De plus, la mémoire de la couleur n’est pas très précise avec le temps et la distance. Il est difficile d’associer la couleur d’un accessoire dans un magasin avec un vêtement laissé dans son placard, par exemple. Nos souvenirs sont imprécis, et la lumière combinée à d’autres variables du contexte peut aussi altérer la couleur perçue. Une étude sur l’effet de la mémoire et des changements de contexte sur l’association des couleurs a été publiée il y a quelques années.

 

Que ce soit en face à face ou à distance, la mémoire est un facteur qui altère notre capacité à voir, à décrire et à associer les couleurs.

 

L’humeur

 

L’humeur est une autre caractéristique psychologique qui influe sur notre perception. Quelqu’un qui « a le blues » est effectivement moins apte à reconnaître précisément les couleurs situées sur le spectre bleu-jaune que dans ses bons jours. Même si les émotions jouent un rôle dans la perception, il existe aussi des explications physiques. La dopamine, par exemple, le neurotransmetteur responsable de la sensation de bien-être, est liée à la perception des couleurs.

 

Les « jours gris » peuvent donc avoir une origine physique.
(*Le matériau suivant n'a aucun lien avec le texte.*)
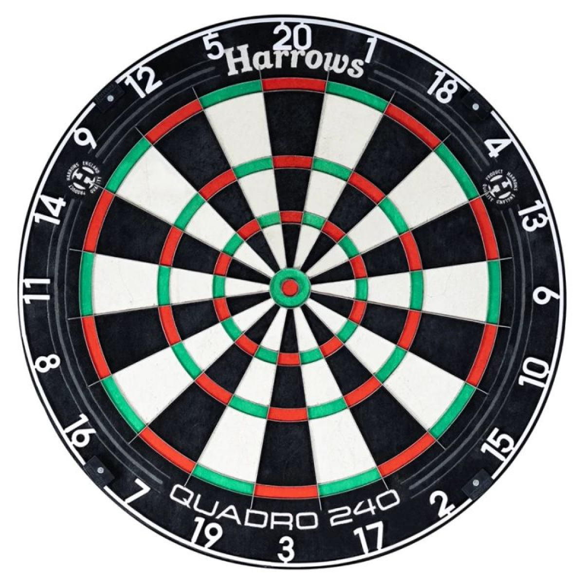 The Quadro 240 shield has an additional, fourth scoring ring – the so-called Quadruple Ring , placed between the triple field and the bullseye. It allows you to score as much as 80 points for one hit (Q20) and a maximum of 240 points in one round, which gives this shield a unique character and completely new strategic possibilities in the game.
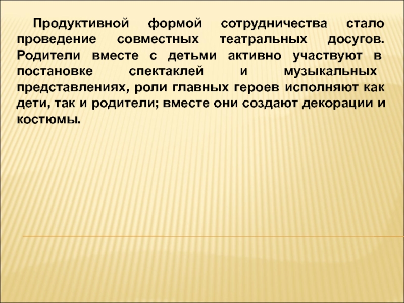 Слайд 4Продуктивной формой сотрудничества стало проведение совместных театральных досугов. Родители вместе с

Une étude allemande a mesuré la capacité des patients à percevoir les contrastes, et celle-ci a conclu à une « association forte et significative » entre sévérité de la dépression et réactivité de la rétine.

 

La subjectivité et la gestion de la couleur

 

Comme nous l’avons vu dans cette série de billets, de nombreux facteurs physiques et personnels interfèrent avec notre capacité à percevoir les couleurs. Cela rend impossible la gestion subjective des couleurs de haute qualité. Pour reconnaître et reproduire précisément les couleurs, il nous faut des outils et des processus pour nous aider à dépasser nos propres limites.